“On December 14, 2012, 20-year-old Adam Lanza walked into Sandy Hook Elementary School in Newtown, Connecticut, and shot 26 people, including 20 children, after also killing his mother in their home” (Harrington, 2018).This event specifically left an imprint on my mind and a provoking fear that hasn’t diminished since. As a Freshman at Mountain View High School, I walked into my 6th period algebra class. Everyone in the class sat down and my teacher shared some sorrowful news that would break my heart. She shared this tragedy with us, that a young man had come into an elementary school with a gun and killed 20 children and 6 staff members just a few hours prior. I remember this moment so vividly because I had never thought that someone would do this, let alone at an elementary school.

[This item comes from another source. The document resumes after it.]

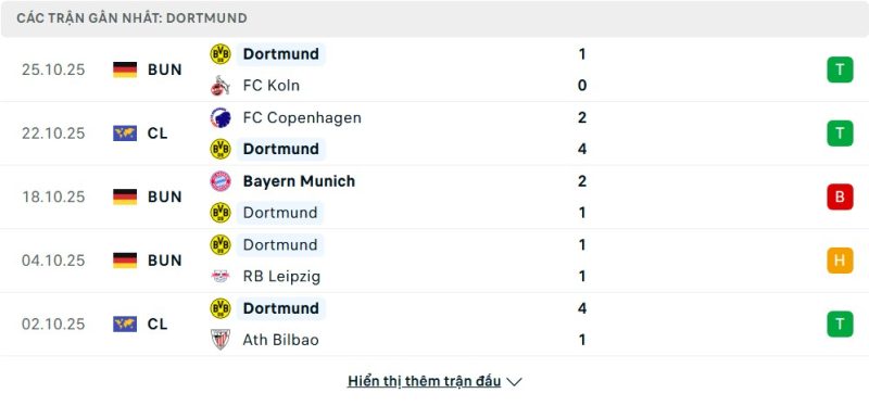 5 trận gần nhất của Borussia Dortmund: W-W-L-D-W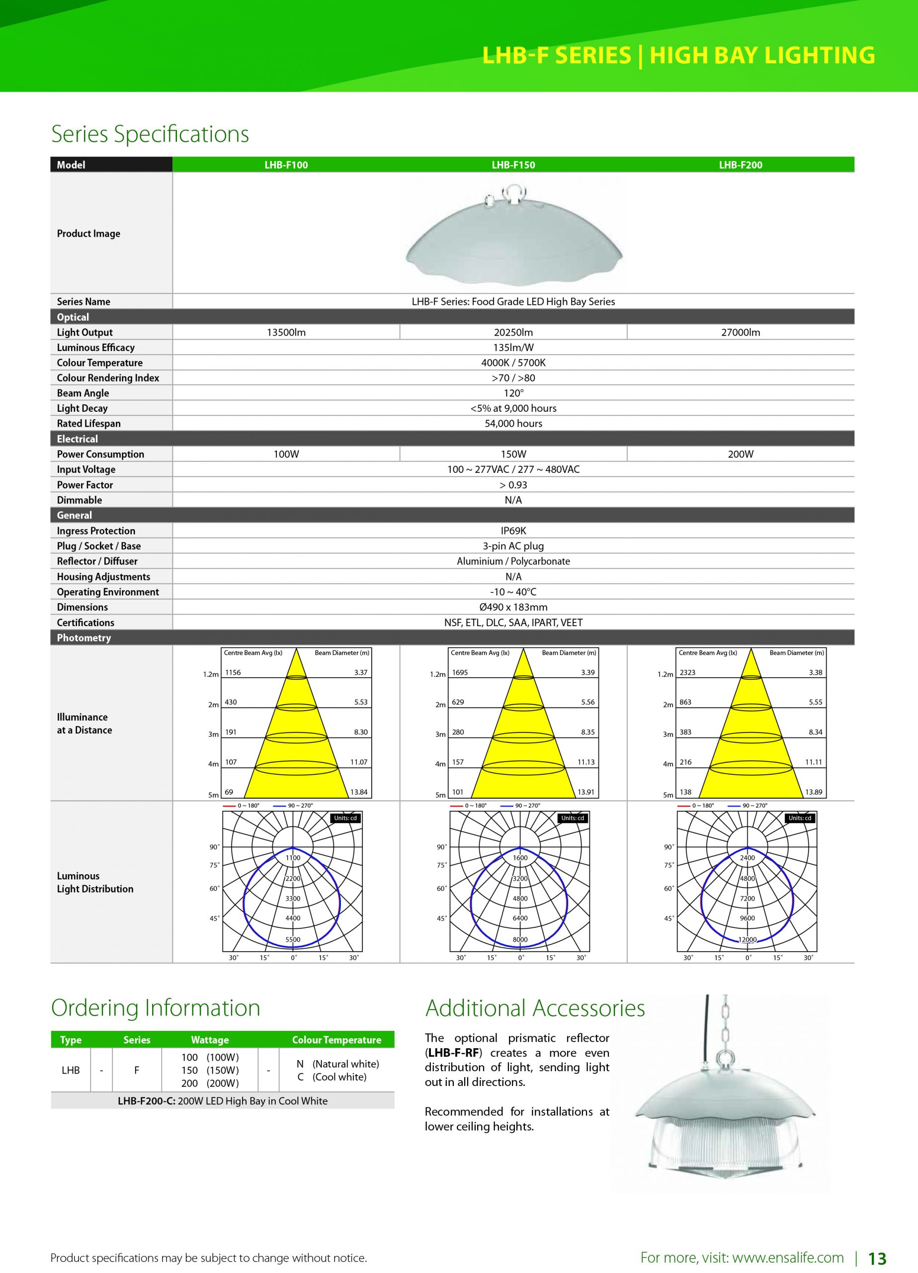 ENSA Professional 200W Food Grade LED High Bay Light (4000K) LHB-F200-N

I remember thinking to myself, how could someone even have the idea to commit a crime so horrible and actually go through with their violent thoughts? To this day, I still don’t know why or how this would happen. I bring up this personal anecdote not only to remember these students and teachers who were murdered but also to recognize the claim of Lanza’s excessive time spent playing violent video games. After this event happened, President Obama encouraged “Congress to dedicate $10 million to the study of the connection between violent video games and societal violence” (Ferguson & Olson, 2010). Similarly, a young man named Nathan Brooks committed two counts of attempted murder on his parents in March of 2013 and told police he did so because they grounded him and took away his electronic devices (Bates & Swan, 2018). These two stories seem to explain the effect of violent video games however Christopher Ferguson believes there is a larger problem that society is facing.

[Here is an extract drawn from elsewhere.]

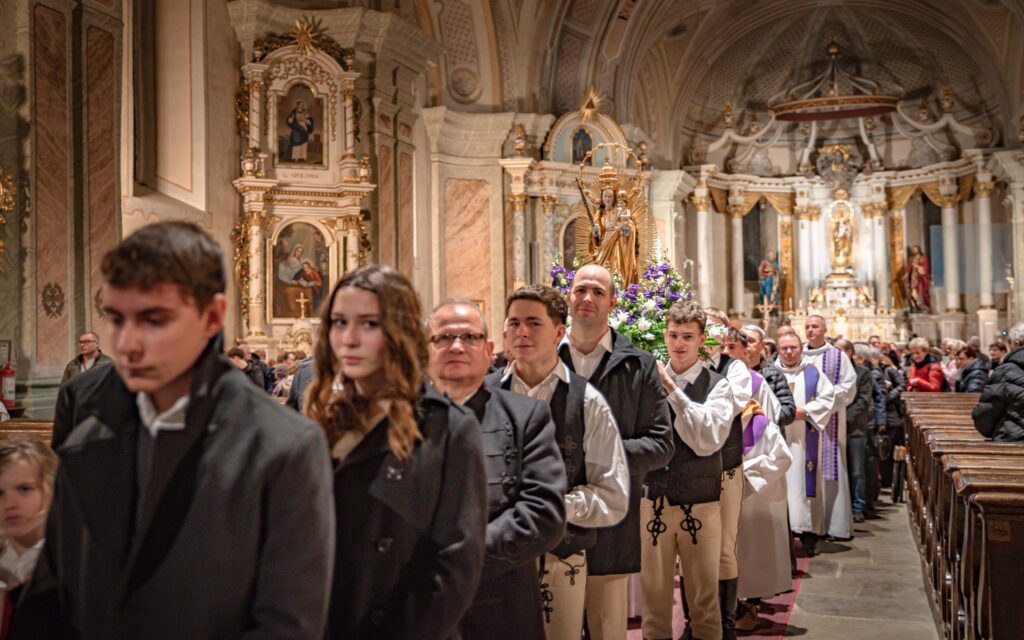 Mária szenvedése ma is tart. Osztozik Fia értünk vállat kínjaiban, az emberiség szenvedéseiben. Adolf Kolping azt mondta, hogy a szenvedés a kereszténység tűzpróbája. Ezen a próbán mindannyian átesünk, mindannyian részesülünk a szenvedés nehézségeiben. Franz Klapka a szenvedésről azt mondta, hogy minden körülöttünk lévő fájdalmat végig kell szenvednünk: Krisztus is szenvedett az emberiségért, az emberiségnek is szenvednie kell Krisztusért. A megpróbáltatások és nehézségek a keresztre tekintve nekünk is erőt kell adjanak. A Boldogságos Szűzanya ebben a szenvedésben áll mellettünk – tette hozzá, arra kérve a híveket, hogy szenvedéseikben kérjék a Szűzanya közbenjárását.

Ferguson (2014) states that, “we would do well to… concentrate on more pressing matters such as poverty, and forgo discussion of cultural issues, if we are really serious about crime”. He believes that the root of the problem lies within mental illness and there’s a lack of seriousness about why these crimes are being committed. The real question would be do these individuals have a family history of mental illness? Did they encounter any adverse childhood experiences early in development? Have they participated in other criminal activities besides the major violent offenses that have just happened? All of these questions should be analyzed when discussing why individuals would commit such heinous crimes as these. Kristin Bates and Richelle Swan further look at this issue from the perspective Adachi and Willoughby as they found that the “competitive element of playing video games … is linked to an increase in aggression over time, not necessarily the violent content of a given game”(Adachi & Willoughby, 2013). Although the competitive element is considered to be something that happens outside of the video game realm, there are some dangers to them.

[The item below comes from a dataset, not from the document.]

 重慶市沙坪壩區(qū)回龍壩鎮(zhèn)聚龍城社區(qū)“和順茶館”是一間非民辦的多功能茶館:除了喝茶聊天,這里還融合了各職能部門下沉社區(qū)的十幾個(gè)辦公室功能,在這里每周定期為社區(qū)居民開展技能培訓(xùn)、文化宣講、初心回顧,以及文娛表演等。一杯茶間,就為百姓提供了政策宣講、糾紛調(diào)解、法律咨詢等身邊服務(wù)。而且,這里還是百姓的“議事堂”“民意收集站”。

Craig A. Anderson and Karen E. Dill conducted two separate studies that examined Video Games and Aggressive Thoughts, Feelings, and Behavior in the Laboratory and in Life. Both of these studies were obtained through the General Affective Aggression Model that predicts long-term or short-term aggression (Anderson & Dill, 2000). The first study looked at had a positive relation between violent video game interaction and aggressive behavior and delinquency (Anderson & Dill, 2000). The second study concluded that viewing and playing “graphically violent video games increase[d] aggressive thoughts and behavior” (Anderson & Dill, 2000). Anderson and Dill found that women view the world less hostile than men do within the study. In both short-term and long-term exposure is correlated to aggressive behavior. They suggest that the repeated practice of aggression in video games will lead individuals to act more aggressively in conflict situations, it will slightly alter the individual’s personality and overtime will change how the individual socially interacts with others (Anderson & Dill, 2000).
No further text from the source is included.